Me: Where’s your water bottle?

3yo: I don’t know.

Me: Can you please go look for it?

3yo: *without moving or breaking eye contact* I can’t find it.

@JohnHilsen

You gotta admit that humans are the ultimate #1 lifeform because we’re essentially half mermaid but we also have legs for kicking and stuff.

@therepoguy

Me: I love you..Marry Me!

Burrito: I’m a Burrito..stop drinking.

@birbigs

All the roles in Gravity were played by Martin Lawrence.

@DaddyJew

Why yes, lady with a cracked IPhone, I’d love it if you’d hold my baby.

@NikiWithIssues

You can’t give me a mini fan at work and expect me not to spend the whole morning pretending I’m a model doing a photo shoot.
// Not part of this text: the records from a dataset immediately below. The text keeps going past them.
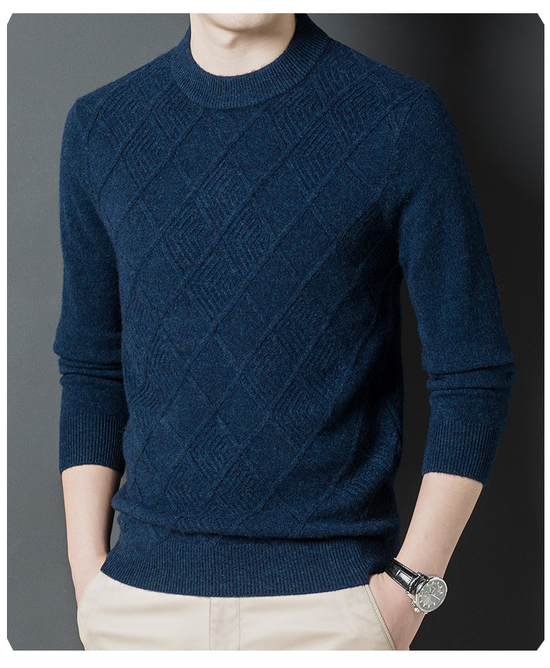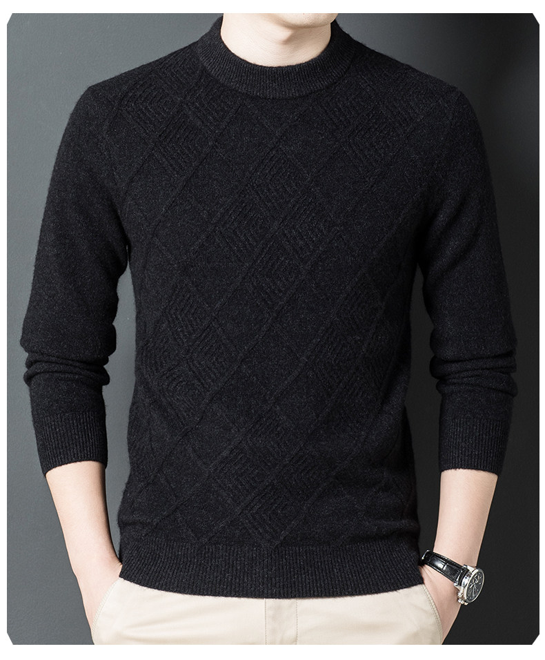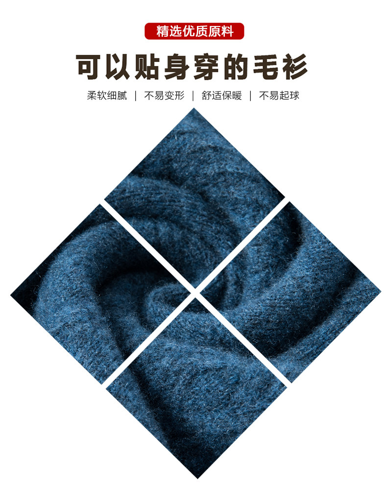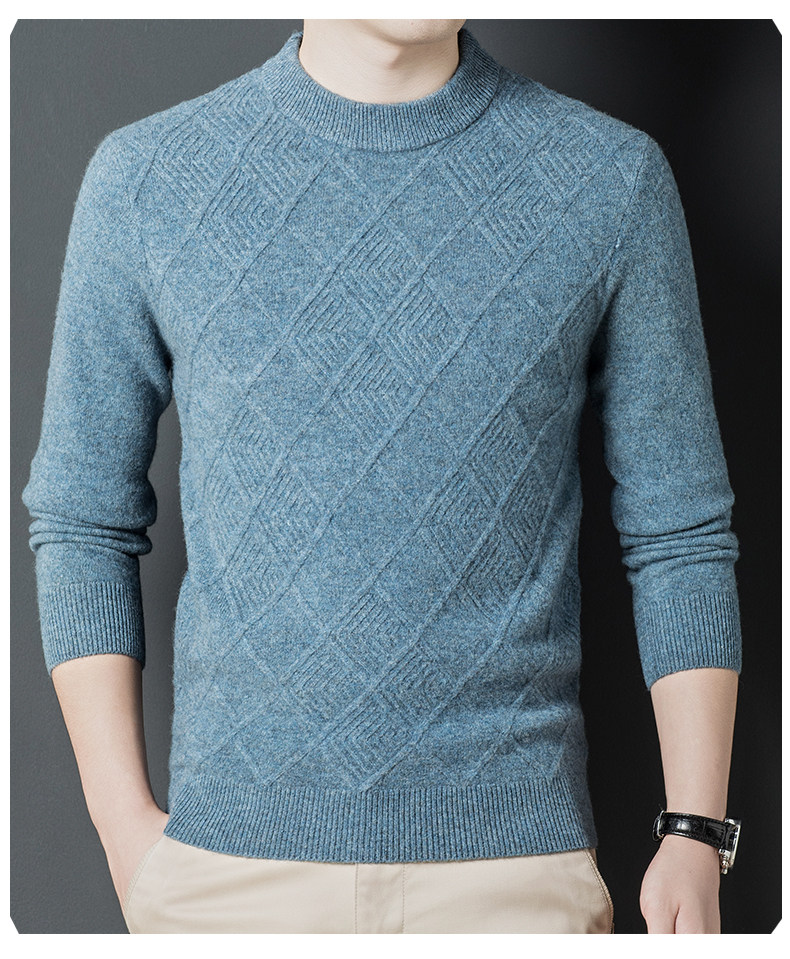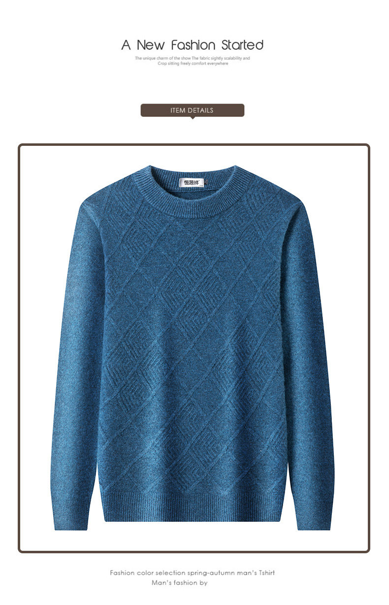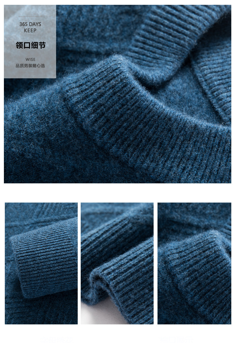 Hengyuanxiang 100% Cashmere Sweater for Men, Half Turtleneck, New Winter Thickened Style, Middle-Aged Dad's Knit Base Sweater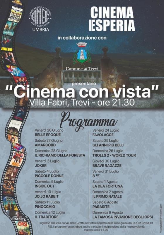 Tutti i fine settimana, dal 26 Giugno al 09 Agosto alle ore 21:30, nello spelndido scenario di Villa Fabri, in collaborazione con ANEC Umbria e CINEMA ESPERIA di Bastia: "Cinema con Vista".
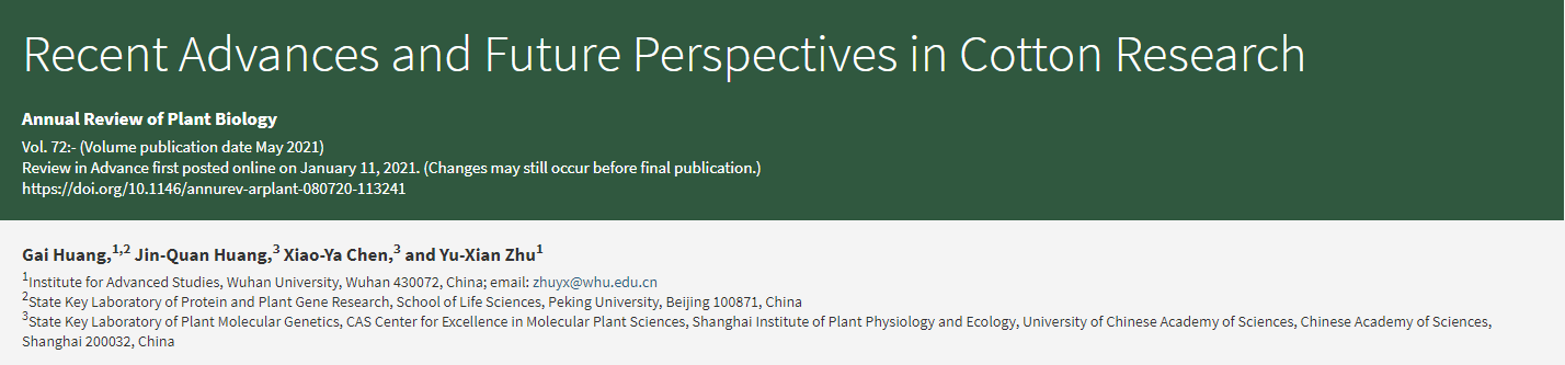 1月11日,植物学权威期刊Annual Review of Plant Biology(《植物生物学年鉴》)在线发表了5g影院 朱玉贤院士、黄盖博士(第二单位为北京大学生命科学学院)和中国科学院分子植物科学卓越创新中心陈晓亚院士、博士后黄金泉的综述文章,文章题为“Recent Advances and Future Perspectives in Cotton Research(棉花研究领域最新进展以及未来展望)”。
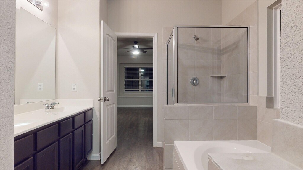 Welcome to this beautiful 4-bedroom home in the desirable Mackenzie Creek community! This home offers a large primary suite with a private bath featuring a separate garden tub and shower plus a dual-sink vanity. Inside,you’ll enjoy upgraded flooring,granite countertops,and stainless steel kitchen appliances. The living room and primary bedroom are equipped with ceiling fans for added comfort,and every bedroom includes a walk-in closet. Practical conveniences include a sprinkler system,prewired internet access,and garage door openers. Outside,a covered patio offers the perfect spot to relax in the evenings. Location is a breeze — with easy access to Highway 45 and just 15 minutes from 59. This home combines comfort,style,and convenience — a perfect place to call home. MLS# 17930274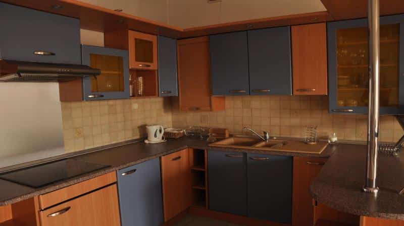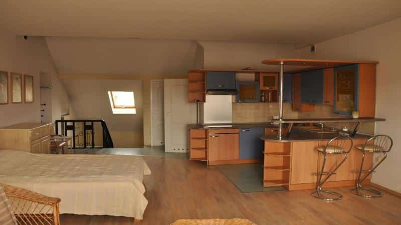 – **Apartament z wnęką dla 4 osób** z łóżkiem dwuosobowym i dwoma łóżkami jednoosobowymi, kuchnią i łazienką.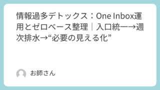 情報の入口をOne Inboxへ統一し、朝昼夕の3回だけ処理。週次の“排水”で未読の水位を下げ、必要情報だけを見える化。ゼロベース整理の7ステップと運用表を公開。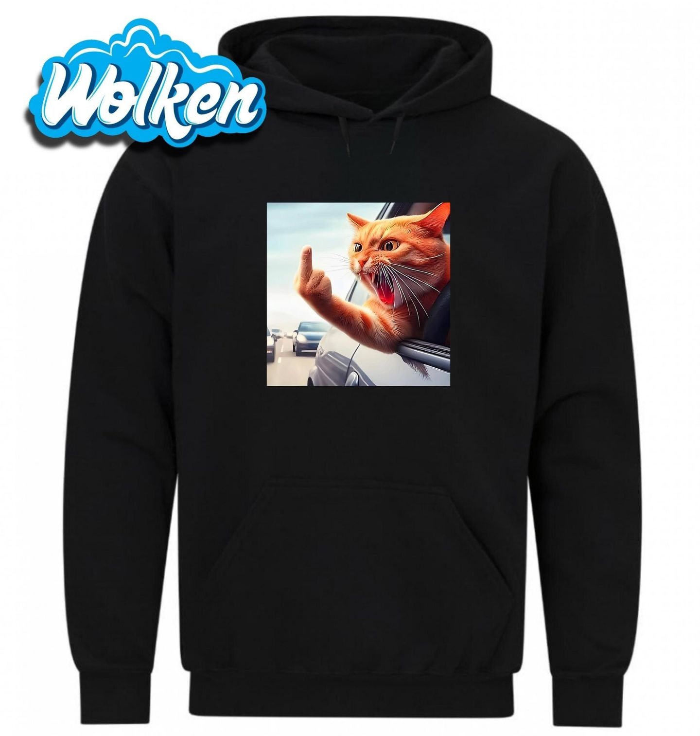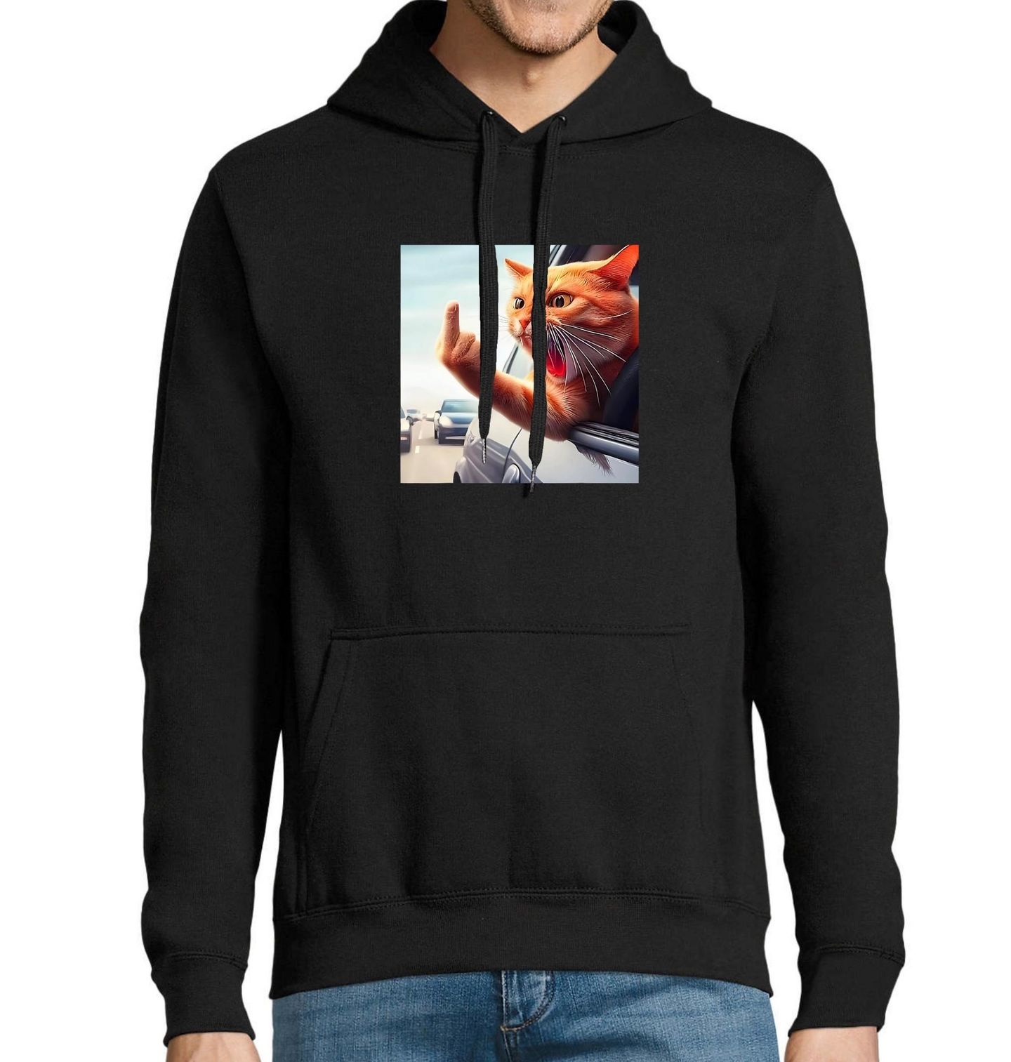 Pánská mikina Rozzuřená Kočka na Dálnici. Tahle kočka už má všeho dost. Sedí v autě, je naštvaná, a prostředníček jí rozhodně není cizí. Pokud tě štve doprava, lidé, nebo prostě pondělí – tenhle potisk ti bude rozumět líp než tvůj terapeut.

It’s science.

@just1fool

Autocorrect changed, “Felt good right?” to “Hours of delight” so I sent it because it’s not my lie at this point.

@mdob11

Hipsters is what happens when you tell every child they’re special.

@TheToddWilliams

Superman could have become a doctor, using his x-ray vision to detect life threatening tumors. But no, we really needed another journalist.

@marknorm

After learning about hieroglyphics, it makes you realize that Egyptians invented the emoji.